__HOW TO COMPLETE THIS TASK__
Word for word, transcribe the data below from the line with "up to 300㎡." to the line with "Sada obsahuje různé", keeping both of those lines.

[Records contained in a dataset]
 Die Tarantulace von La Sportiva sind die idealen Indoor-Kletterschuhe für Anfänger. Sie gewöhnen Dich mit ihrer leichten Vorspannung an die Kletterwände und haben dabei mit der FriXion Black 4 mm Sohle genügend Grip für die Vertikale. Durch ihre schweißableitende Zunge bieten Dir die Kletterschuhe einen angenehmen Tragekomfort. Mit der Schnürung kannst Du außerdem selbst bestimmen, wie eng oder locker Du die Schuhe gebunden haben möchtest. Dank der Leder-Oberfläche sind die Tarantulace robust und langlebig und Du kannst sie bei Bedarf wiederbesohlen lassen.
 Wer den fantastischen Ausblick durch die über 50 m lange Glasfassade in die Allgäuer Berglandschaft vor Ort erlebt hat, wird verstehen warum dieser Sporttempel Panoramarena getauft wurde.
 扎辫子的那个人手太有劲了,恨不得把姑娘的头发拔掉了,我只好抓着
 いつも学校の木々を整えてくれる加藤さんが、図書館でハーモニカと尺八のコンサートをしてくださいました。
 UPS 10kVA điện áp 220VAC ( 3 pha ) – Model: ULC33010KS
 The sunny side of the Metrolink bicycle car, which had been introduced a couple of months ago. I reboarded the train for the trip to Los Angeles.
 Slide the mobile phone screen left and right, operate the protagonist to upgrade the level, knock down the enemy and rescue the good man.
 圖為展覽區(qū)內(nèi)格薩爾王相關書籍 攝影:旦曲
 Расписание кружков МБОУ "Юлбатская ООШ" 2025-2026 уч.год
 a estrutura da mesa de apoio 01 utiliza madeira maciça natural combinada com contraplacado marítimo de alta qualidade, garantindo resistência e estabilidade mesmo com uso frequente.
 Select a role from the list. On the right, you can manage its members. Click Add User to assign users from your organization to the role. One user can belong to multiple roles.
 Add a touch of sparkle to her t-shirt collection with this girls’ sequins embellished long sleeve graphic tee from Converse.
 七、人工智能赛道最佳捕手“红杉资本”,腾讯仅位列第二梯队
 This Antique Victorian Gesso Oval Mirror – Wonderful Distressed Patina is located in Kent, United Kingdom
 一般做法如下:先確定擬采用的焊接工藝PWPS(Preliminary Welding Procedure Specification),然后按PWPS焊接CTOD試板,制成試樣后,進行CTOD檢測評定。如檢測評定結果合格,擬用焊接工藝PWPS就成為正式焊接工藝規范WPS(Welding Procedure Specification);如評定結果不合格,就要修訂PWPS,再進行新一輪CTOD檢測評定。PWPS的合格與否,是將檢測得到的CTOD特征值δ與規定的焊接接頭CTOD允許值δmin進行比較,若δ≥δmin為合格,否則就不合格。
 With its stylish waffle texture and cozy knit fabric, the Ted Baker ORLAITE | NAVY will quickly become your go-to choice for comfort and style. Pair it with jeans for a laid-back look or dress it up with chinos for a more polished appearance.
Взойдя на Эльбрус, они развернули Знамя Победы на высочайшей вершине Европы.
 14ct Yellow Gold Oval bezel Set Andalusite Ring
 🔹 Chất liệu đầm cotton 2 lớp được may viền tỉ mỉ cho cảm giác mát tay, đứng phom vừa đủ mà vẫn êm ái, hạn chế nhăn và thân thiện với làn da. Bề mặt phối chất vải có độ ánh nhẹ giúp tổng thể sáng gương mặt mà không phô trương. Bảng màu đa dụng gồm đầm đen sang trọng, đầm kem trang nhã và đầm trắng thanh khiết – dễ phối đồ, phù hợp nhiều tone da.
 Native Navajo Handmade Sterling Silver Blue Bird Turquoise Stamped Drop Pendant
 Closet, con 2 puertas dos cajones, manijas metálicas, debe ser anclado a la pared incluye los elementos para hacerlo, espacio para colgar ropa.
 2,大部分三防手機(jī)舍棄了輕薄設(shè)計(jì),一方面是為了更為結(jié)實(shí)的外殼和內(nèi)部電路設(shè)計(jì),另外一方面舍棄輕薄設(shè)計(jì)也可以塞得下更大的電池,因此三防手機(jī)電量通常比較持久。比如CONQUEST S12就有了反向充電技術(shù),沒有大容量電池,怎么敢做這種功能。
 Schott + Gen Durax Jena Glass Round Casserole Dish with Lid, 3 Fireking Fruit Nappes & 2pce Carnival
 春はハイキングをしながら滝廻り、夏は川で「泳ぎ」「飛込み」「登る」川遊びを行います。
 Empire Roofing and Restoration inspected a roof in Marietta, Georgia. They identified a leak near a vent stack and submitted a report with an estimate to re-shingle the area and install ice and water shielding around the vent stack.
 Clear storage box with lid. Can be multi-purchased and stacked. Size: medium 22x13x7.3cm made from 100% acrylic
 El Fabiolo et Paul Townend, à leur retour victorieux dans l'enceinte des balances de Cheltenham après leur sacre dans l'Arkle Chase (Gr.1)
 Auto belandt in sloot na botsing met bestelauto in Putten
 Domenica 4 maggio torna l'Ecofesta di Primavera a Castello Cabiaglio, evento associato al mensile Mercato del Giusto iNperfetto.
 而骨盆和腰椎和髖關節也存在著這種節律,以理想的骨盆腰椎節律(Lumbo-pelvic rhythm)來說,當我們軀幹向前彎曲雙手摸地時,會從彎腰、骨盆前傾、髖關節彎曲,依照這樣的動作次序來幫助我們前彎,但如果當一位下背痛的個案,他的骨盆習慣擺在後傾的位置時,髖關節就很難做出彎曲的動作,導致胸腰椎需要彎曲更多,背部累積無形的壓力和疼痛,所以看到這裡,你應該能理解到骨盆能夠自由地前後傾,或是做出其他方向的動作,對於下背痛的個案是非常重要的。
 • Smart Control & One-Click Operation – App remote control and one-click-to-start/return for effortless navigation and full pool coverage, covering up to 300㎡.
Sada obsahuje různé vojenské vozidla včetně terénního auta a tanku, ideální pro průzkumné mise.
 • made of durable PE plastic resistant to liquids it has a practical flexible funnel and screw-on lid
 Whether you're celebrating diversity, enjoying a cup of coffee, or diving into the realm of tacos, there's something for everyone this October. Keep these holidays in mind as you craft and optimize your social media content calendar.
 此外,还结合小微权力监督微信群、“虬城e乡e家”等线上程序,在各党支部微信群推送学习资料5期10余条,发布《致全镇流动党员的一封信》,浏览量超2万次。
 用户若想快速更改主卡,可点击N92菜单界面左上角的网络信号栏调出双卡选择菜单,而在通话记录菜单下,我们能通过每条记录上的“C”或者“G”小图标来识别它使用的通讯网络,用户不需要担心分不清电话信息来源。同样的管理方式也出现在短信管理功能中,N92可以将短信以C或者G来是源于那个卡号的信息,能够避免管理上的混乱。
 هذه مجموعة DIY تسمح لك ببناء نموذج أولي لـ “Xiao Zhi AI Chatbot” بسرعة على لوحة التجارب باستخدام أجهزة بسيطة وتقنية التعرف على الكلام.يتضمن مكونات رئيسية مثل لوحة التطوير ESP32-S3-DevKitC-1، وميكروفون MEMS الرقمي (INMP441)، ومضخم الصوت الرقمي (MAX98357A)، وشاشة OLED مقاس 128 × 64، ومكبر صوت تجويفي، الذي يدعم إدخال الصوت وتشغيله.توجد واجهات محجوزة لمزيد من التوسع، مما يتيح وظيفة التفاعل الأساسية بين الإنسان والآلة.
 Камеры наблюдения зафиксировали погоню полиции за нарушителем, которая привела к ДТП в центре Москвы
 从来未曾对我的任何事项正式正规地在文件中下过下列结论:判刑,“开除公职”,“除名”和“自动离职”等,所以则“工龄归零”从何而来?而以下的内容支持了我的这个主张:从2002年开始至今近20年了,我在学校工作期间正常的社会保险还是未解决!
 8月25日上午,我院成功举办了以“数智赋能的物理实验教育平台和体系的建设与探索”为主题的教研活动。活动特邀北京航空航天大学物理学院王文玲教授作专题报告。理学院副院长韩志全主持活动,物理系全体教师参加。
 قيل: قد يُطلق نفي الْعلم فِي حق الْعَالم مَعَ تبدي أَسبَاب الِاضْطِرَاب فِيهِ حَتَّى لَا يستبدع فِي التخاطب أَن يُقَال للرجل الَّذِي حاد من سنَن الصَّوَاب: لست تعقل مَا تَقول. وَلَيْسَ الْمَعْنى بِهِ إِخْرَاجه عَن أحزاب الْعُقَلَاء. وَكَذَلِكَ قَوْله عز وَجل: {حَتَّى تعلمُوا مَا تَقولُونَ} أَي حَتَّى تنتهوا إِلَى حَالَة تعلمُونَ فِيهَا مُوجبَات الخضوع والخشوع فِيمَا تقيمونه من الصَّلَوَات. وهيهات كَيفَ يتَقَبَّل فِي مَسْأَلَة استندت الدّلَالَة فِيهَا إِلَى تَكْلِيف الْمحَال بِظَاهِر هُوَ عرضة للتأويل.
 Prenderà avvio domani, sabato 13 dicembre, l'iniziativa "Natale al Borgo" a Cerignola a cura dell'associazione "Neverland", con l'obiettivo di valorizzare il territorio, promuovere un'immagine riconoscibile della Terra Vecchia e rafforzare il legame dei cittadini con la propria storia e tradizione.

__RESPONSE TO THE TASK__
 • Smart Control & One-Click Operation – App remote control and one-click-to-start/return for effortless navigation and full pool coverage, covering up to 300㎡.
Sada obsahuje různé vojenské vozidla včetně terénního auta a tanku, ideální pro průzkumné mise.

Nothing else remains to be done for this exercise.